The worst is yet to come for the Argentina peso, already the world’s weakest currency this year, according to Bank of America Corp. strategists.

The official exchange rate will weaken to 545 per dollar for the end of this year and then slump to 1,193 by the end of 2024, as the bank’s strategists expect the winner of the country’s presidential elections to further devalue the peso starting in December.

The current government this week devalued the currency by 18% to 350 after suffering a defeat in a crucial primary election on Sunday. Argentine assets slumped following a stronger-than-expected performance by libertarian candidate Javier Milei, who wants to dollarize the economy and abolish the central bank.

“The FX market will remain under pressure,” said strategists including Sebastian Rondeau, Jane Brauer and David Hauner. “We expect further devaluation ahead.”

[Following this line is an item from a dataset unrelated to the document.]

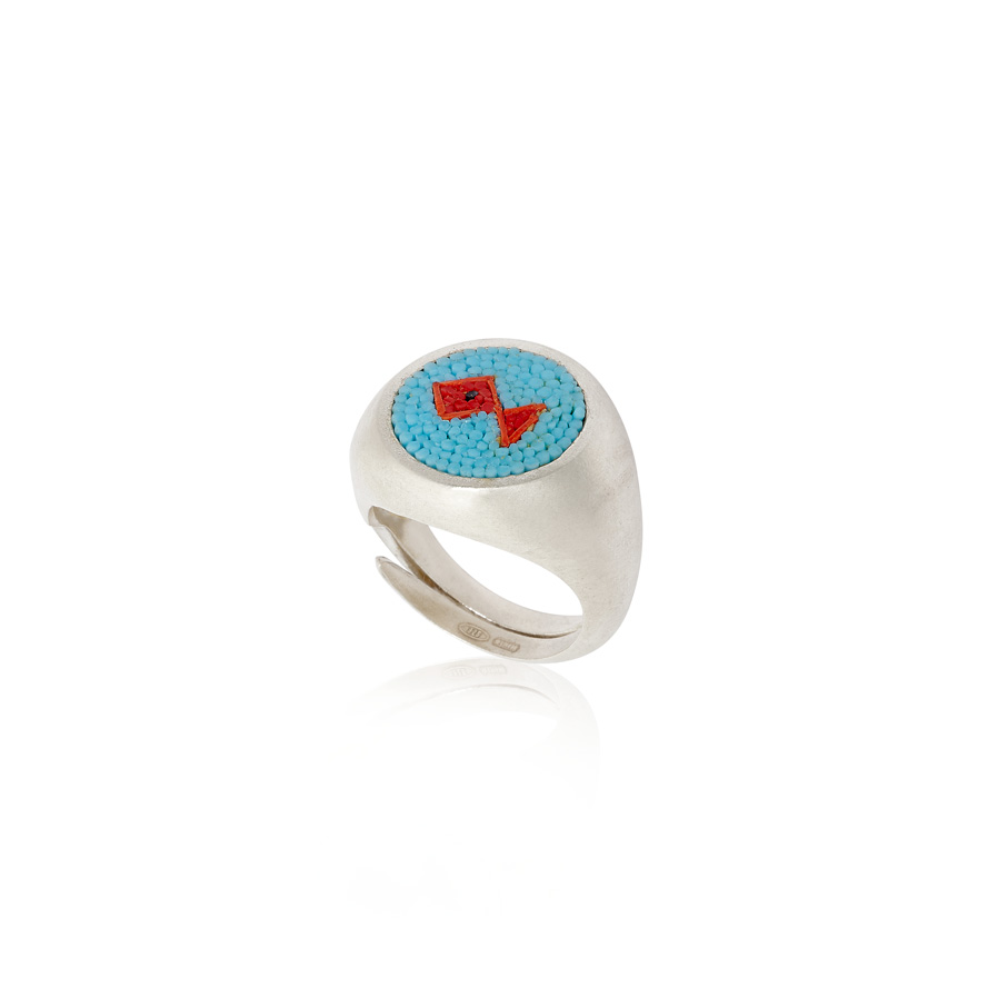 Anello chevalier genderless con misura aggiustabile, realizzato in Mosaico Minuto Romano e Argento 925 satinato.

They pointed to increasing political uncertainty, pressure on inflation ahead of October’s general elections, the impact of drought on exports and currency reserves in negative territory.

The devaluation led Argentines who don’t have access to dollars in the official market to race to buy them in the parallel market on the streets of Buenos Aires, pushing that rate above 700, according to website dolarhoy.com.

Read More: Out of Options and Money, Argentina Presses the Panic Button

The Bank of America strategists said the devaluation was “overall positive” given the currency was highly overvalued, and said it was favorable that the current government was bearing the burden of part of a necessary macroeconomic adjustment.

“It should be favorable for the IMF agreement that is pending IMF Board approval for a $7.5 billion loan disbursement,” they wrote. However, the devaluation will put further pressure on inflation.

The nation’s bonds, already deeply distressed, led declines across emerging markets after the move. Bank of America maintained an overweight recommendation on the debt as the strategists see a strong and clear mandate for change in economic policies.